By June 8, Siobhan's udder was looking much more normal.  The last of the Pirsue infusions was finished on June 12.  After allowing five days for withdrawal, I plan to collect milk samples on the 17th and send them to TQML.  Normally I have to send cultures on a Monday or Tuesday, but Susan has to be in the lab for the next two weekends, so I can send them whenever I want, allowing for a bit longer withdrawal.  Then I'll have to wait a week to know the results.

Meanwhile, God has reminded me that He holds Siobhan in His hands, that He answers prayer, and that I can trust Him with the outcome and the future, whatever it is.  


  1. Read it and yes I was here also. I hope she is still doing well for yoU!
    HEather Simplynaturalfarm

    1. Thank you, Heather! We're keeping on keeping on. :)

  2. Tears here... what a turn of events! Good for you and Siobhan. And such a touching story.

    One day at a time...

    1. Thank you, Treatlisa, and yes, one day at a time. :)

  3. After all your work on her, and her patience, I keep my fingers crossed for you both. Thoughts are with you. Carol K.

    1. Thank you so much, Carol! I'll let you know how it goes.

  4. Thank you for sharing an honest account of Siobhan' s and your trials. There is a lot to learn from this!

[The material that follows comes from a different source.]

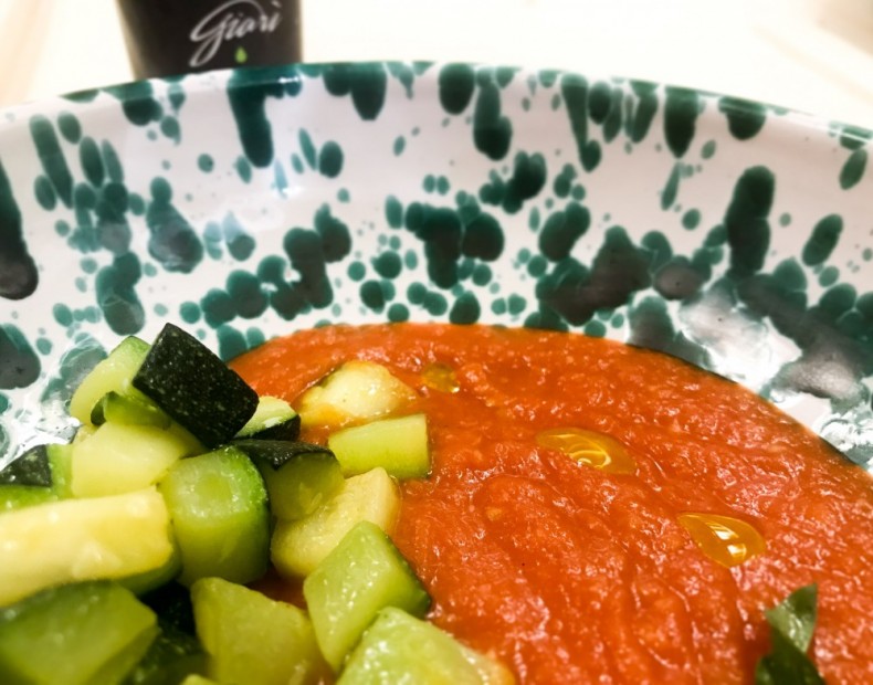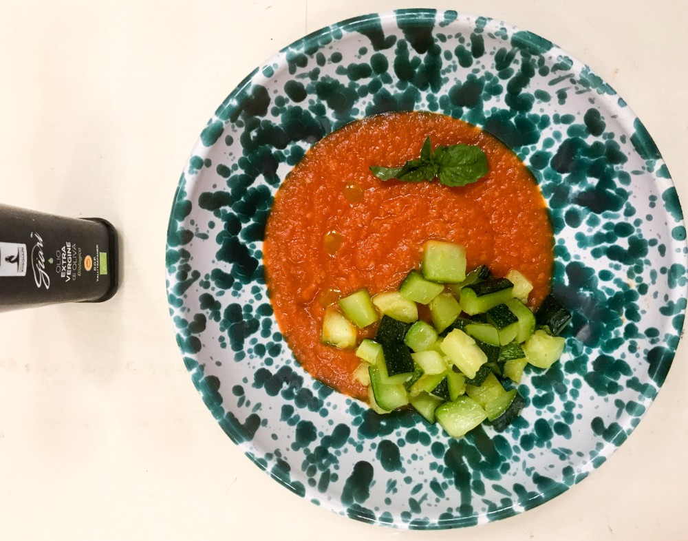 Riponete in un piatto fondo la vellutata e sopra le zucchine, completate con olio Giarì biologico.

    1. You're welcome. I hope it can help someone else avoid this.

  5. I hope she gets better, I know it will be heart breaking if you would have to put her down.

    1. Thank you, Gordon, it really would. Not only is she our first calf, she's such a sweetheart and so patient through all this pain.

  6. Note to self - do not read Susan's blog while at work with an education summit going on!!!! :)
    Susan - I truly believe in miracles. If not for miracles, I don't think I would still be of this world. Prayers for you, your family and Siobhan!!

    1. Thank you so much, Fran! Please keep the prayers coming! :) I do hope I didn't make you gag in the middle of the summit, with those photos. :/ And some time you'll have to tell me about your miracle!

  7. Susan,
    Been off-Internet for awhile, but have continued to pray for your family. Your daughter, Kara, is kinda my hero right now! And God is so very good. Hugs to you!

    1. Thank you so much, Deanna, I truly appreciate the prayers! Yes, Kara has been a real hero! And yes, God is good. Hugs back!

  8. Susan, I am catching up on blog posts and just read this post. (through teary eyes) I am so sorry about Siobhan. I hope that she has healed and that things are going better for her. You must be exhausted and emotionally drained. It's so great that you have your family near you for comfort and help as well as God's love and guidance. I wish you and your family the best!

    1. Thank you so much, Janell. Siobhan's last milk test was not hopeful, but I'm giving her some time to see if she can fight this off. Meanwhile she's nursing her calf and he's growing well. It was very encouraging to have my family here. :) Now that things have quieted down, I'll do an update.